Kueng, yang berkulit hitam; Lane, yang berkulit putih; dan Thao, yang merupakan orang Amerika Hmong, semuanya didakwa karena gagal memberikan perawatan medis kepada Floyd, sementara Thao dan Kueng menghadapi tuntutan tambahan karena gagal menghentikan Chauvin, yang berkulit putih. Kedua dakwaan menuduh tindakan petugas mengakibatkan kematian Floyd.

Chauvin dihukum karena pembunuhan negara dan tuduhan pembunuhan tahun lalu dan juga mengaku bersalah atas tuduhan hak-hak sipil federal.
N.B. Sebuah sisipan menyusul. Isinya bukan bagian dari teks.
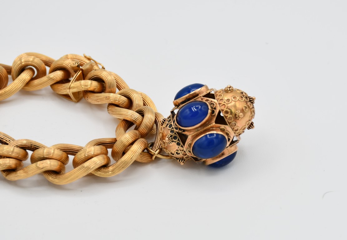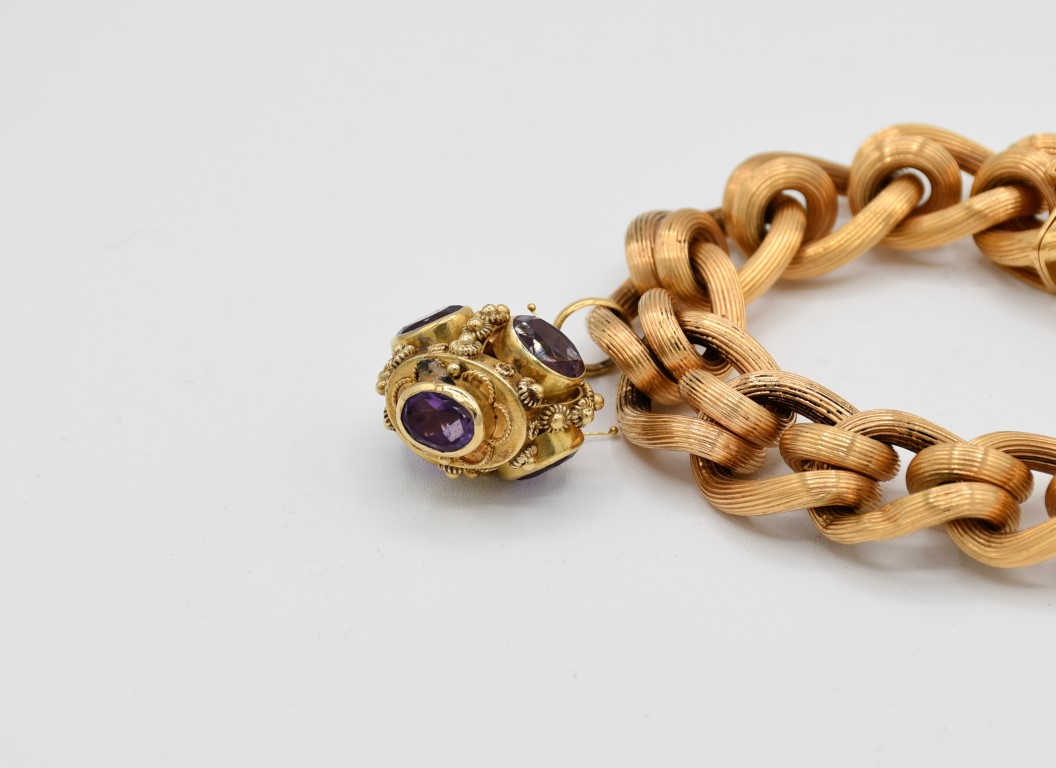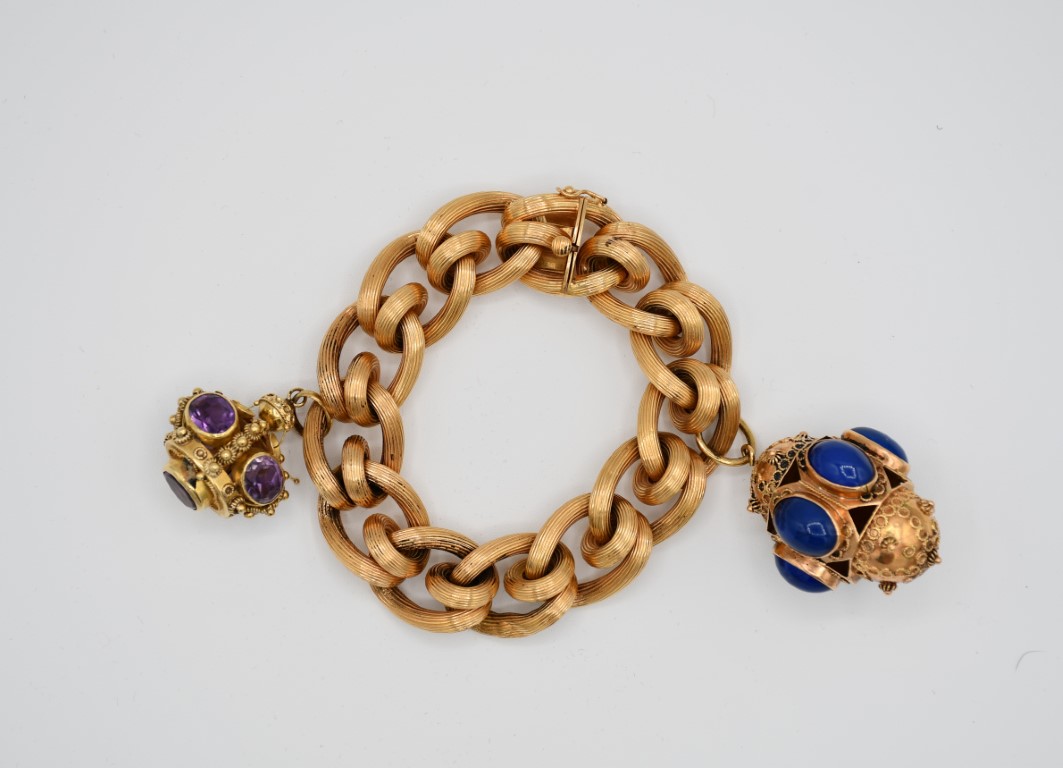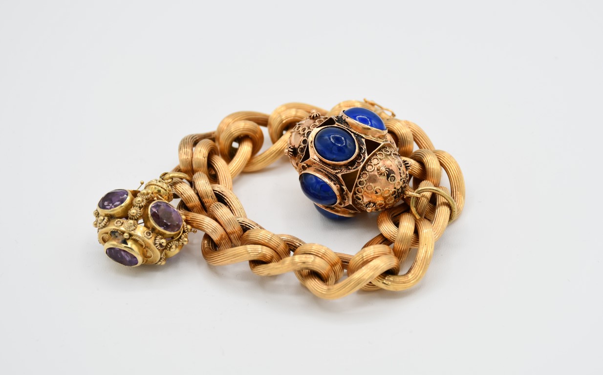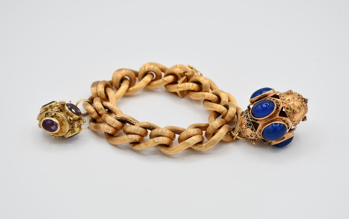 Bracciale in oro 750, con due charms, con ametiste e vetri blu, manifattura di Vicenza

Jaksa berargumen dalam pengajuan praperadilan bahwa bahkan para pengamat dapat melihat bahwa Floyd membutuhkan perhatian medis, dan bahwa para petugas, yang memiliki pelatihan medis dasar, tidak membantu.

Hakim Distrik AS Paul Magnuson mengatakan persidangan bisa berlangsung empat minggu.

Pengacara Lane mengatakan kliennya akan bersaksi, tetapi tidak diketahui apakah Thao atau Kueng akan bersaksi. Juga tidak jelas apakah Chauvin akan bersaksi, meskipun banyak ahli yang berbicara kepada The Associated Press percaya dia tidak akan bersaksi.

Lane, Kueng dan Thao juga menghadapi pengadilan negara bagian yang terpisah pada bulan Juni atas tuduhan mereka membantu dan bersekongkol dalam pembunuhan dan pembunuhan.

Webber berkontribusi dari Fenton, Michigan.

Temukan liputan lengkap AP tentang pembunuhan George Floyd di: https://apnews.com/hub/death-of-george-floyd

Hak Cipta 2022 The Associated Press. Seluruh hak cipta. Materi ini tidak boleh dipublikasikan, disiarkan, ditulis ulang, atau didistribusikan ulang.